Thursday, June 22, 2006

connecting dots




my very first memory is of me, around 15 months old, sitting on a brown, tan and orange woven rug in stuttgart, germany. suddenly, my pregnant mother scoops me up and takes me to the door. outside it is snowing. we live on a steep hill. as we peer out of the open doorway, snowflakes floating down softly, my mom says over and over, "she's an angel! she's such an angel!!" there is a thin stooped old woman, grey hair pulled back in a neat bun, wearing brown square heeled lace up shoes coming slowly up the hill carrying something wrapped in brown paper.

my mom places me in a playpen and i watch the commotion as she scurries in and out of the kitchen, serving tea as they sit at the end of the dining room table. she opens the package shrieking and laughing in delight. it is a coo coo clock.

for the longest time, this image of the older woman bearing gifts was my image of an angel. ("she's an angel! she's such an angel!!"). sometime in my 20's, i started praying to specific "spirit guides" beyond the holy trinity, embracing other spiritual traditions' icons and making up some of my own. somewhere along the way, i started calling my first memory angel, "grandma coo coo", the wisest funniest angel of them all.

in my late 20's, i meet my partner in work and life. i also meet his grandmother. her name is lois coogle and she loves coo coo clocks. later i find out that the young grandkids can't pronounce "coogle" so they just call her grandma coo coo. 2 weeks ago, she moved on to the next life at 90 yrs old. she got her master's degree in statistical mathematics. (unheard of for women at that time.) but she spent her life as an artist, a painter. everyone said that she didn't like to cook or clean but painted everything in sight. her kids joked that if you stood still near her too long you'd get painted too. and that she might forget the sandwich in their school lunch but she'd always remember to paint a picture on the outside of the paper sac or paint "i love you" on a card placed inside.

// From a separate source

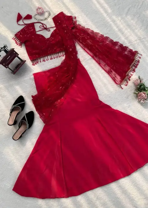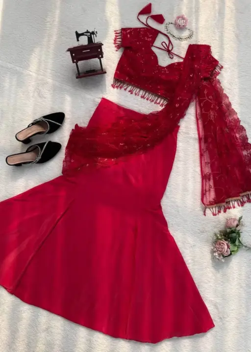 | Top | Natural crepe Thread with Sequence Ready to wear upto 42 with elastic with side zip with canvas |

the metal scrap angel pictured is in honor of lois, constructed from a broken piece of garden art from her yard in georgia and a metal piece found at a beach front gravel mine on vashon island. the thinking cap / halo is part of a bottle with a cap that says "choice is good".

may we all remember that aspect of ourselves, the wise funny parts, the prophetically silly parts and the brilliant delightful parts!!

happy solstice
shine on!

p.s. the other angel can actually fly. you put a finger in his mouth (hand facing outward from your body), grab his little feet with the other hand, pull back and release. (parts gathered from a parking lot and a retirement party! thanks cynthia!)

Tuesday, June 06, 2006

internal angular momentum


what i know about flying:

when i was 2, i would sneak out into the back yard and spin in circles until i was totally dizzy. then i would weave about the yard in that altered state, thinking i was hovering over the ground. no matter that it was just my perception, i experienced flying in total joy and delight.

the clear mind belongs to spirit and is like the immortality of childhood. it calls us to rise up to life, to rise up to the task, to buoyantly rise above the challenges, to foster self-respect which keeps us aloft as the next challenges surface.

in my dreams of late i fly through maze-like houses. i keep coming to deadends. my arms are so very very tired but i am determined to get to the center.
somehow in my psyche, this major aerobic activity promises to manifest evanescence, the lightness of a young heart. ....besides,"how can you keep your feet on the ground when you were meant to fly?" (some ol' country song)

like the larger bodies in the universe may we work with gravity (and the things that bring us down) to exercise our internal angular momentum (spin)!